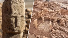 เสาหินแกะสลักใบหน้ามนุษย์อายุประมาณ 12,000 ปี ที่โบราณสถานคาราฮาน เทเป ในเมืองซานลีอูร์ฟา ประเทศตุรกี
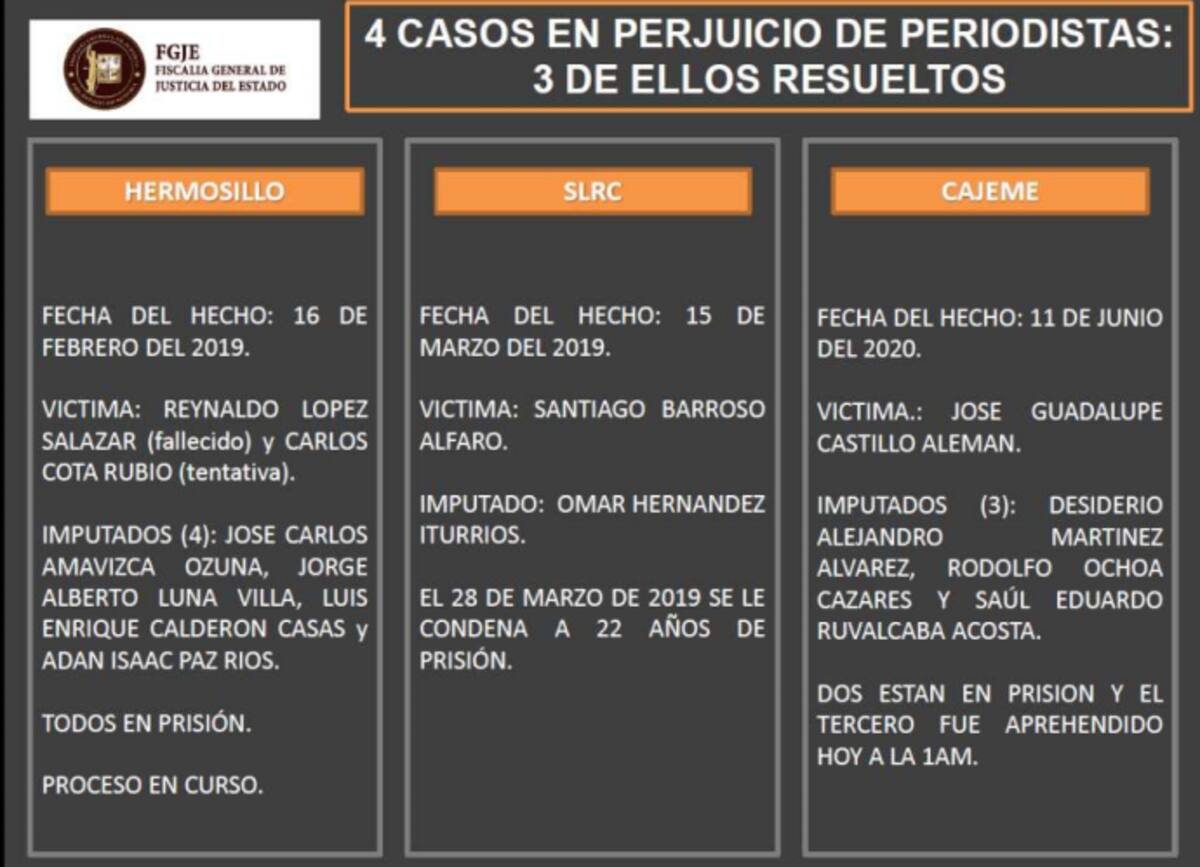 El caso resuelto más reciente es el del periodista José Guadalupe Castillo Alemán, asesinado el 11 de junio del presente año en Cajeme, tras la captura de tres imputados.
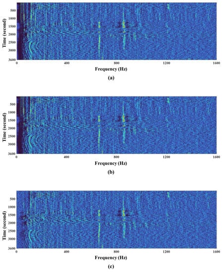 Illustration of LOFAR-grams of sensor signals from (a) sensor #1, (b) sensor #2, and (c) sensor #3.
□ □ □
* [What to do] Retype each line of the data exactly, beginning with the first; include the line containing "El caso resuelto" and stop there, skipping every picture.

* [Result for this task]
 เสาหินแกะสลักใบหน้ามนุษย์อายุประมาณ 12,000 ปี ที่โบราณสถานคาราฮาน เทเป ในเมืองซานลีอูร์ฟา ประเทศตุรกี
 El caso resuelto más reciente es el del periodista José Guadalupe Castillo Alemán, asesinado el 11 de junio del presente año en Cajeme, tras la captura de tres imputados.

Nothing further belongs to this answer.